Everything in the listing below has to be repeated exactly, except the pictures.

**AVAILABLE DATA**
=== Section Start ===

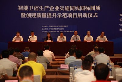 5月26日,智能衛浴生產企業實施同線同標同質暨創建質量提升示范項目在廣東佛山市智能衛浴集聚區啟動。這一活動由國家質檢總局產品質量監督司、廣東省質量技術監督局、國家陶瓷及水暖衛浴產品質量監督檢驗中心等聯合舉辦,恒潔、TAKA、樂家等30余家智能衛浴生產企業簽署質量提升承諾書,向廣大消費者做出質量承諾,共同實施“同線同標同質”。
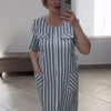 Pakiet zawiera: 1 * Damska luźna modna sukienka z okrągłym dekoltem w paski z kieszeniami
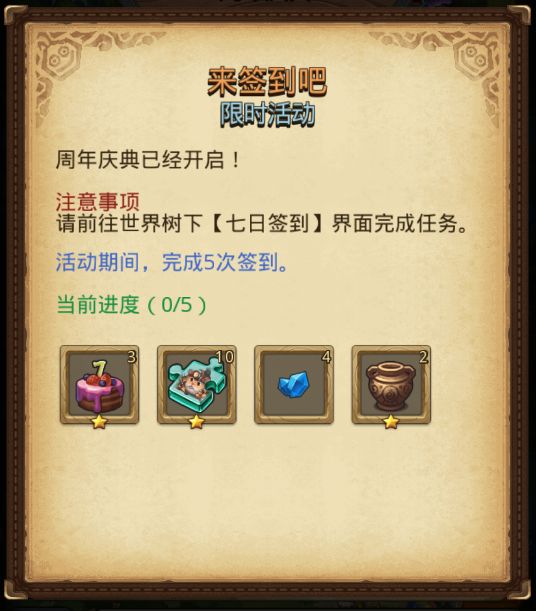 活动期间,累计完成5次签到即可获得钻石、碎片等奖励

=== Section End ===

**ANSWER SECTION**
 5月26日,智能衛浴生產企業實施同線同標同質暨創建質量提升示范項目在廣東佛山市智能衛浴集聚區啟動。這一活動由國家質檢總局產品質量監督司、廣東省質量技術監督局、國家陶瓷及水暖衛浴產品質量監督檢驗中心等聯合舉辦,恒潔、TAKA、樂家等30余家智能衛浴生產企業簽署質量提升承諾書,向廣大消費者做出質量承諾,共同實施“同線同標同質”。
 Pakiet zawiera: 1 * Damska luźna modna sukienka z okrągłym dekoltem w paski z kieszeniami
 活动期间,累计完成5次签到即可获得钻石、碎片等奖励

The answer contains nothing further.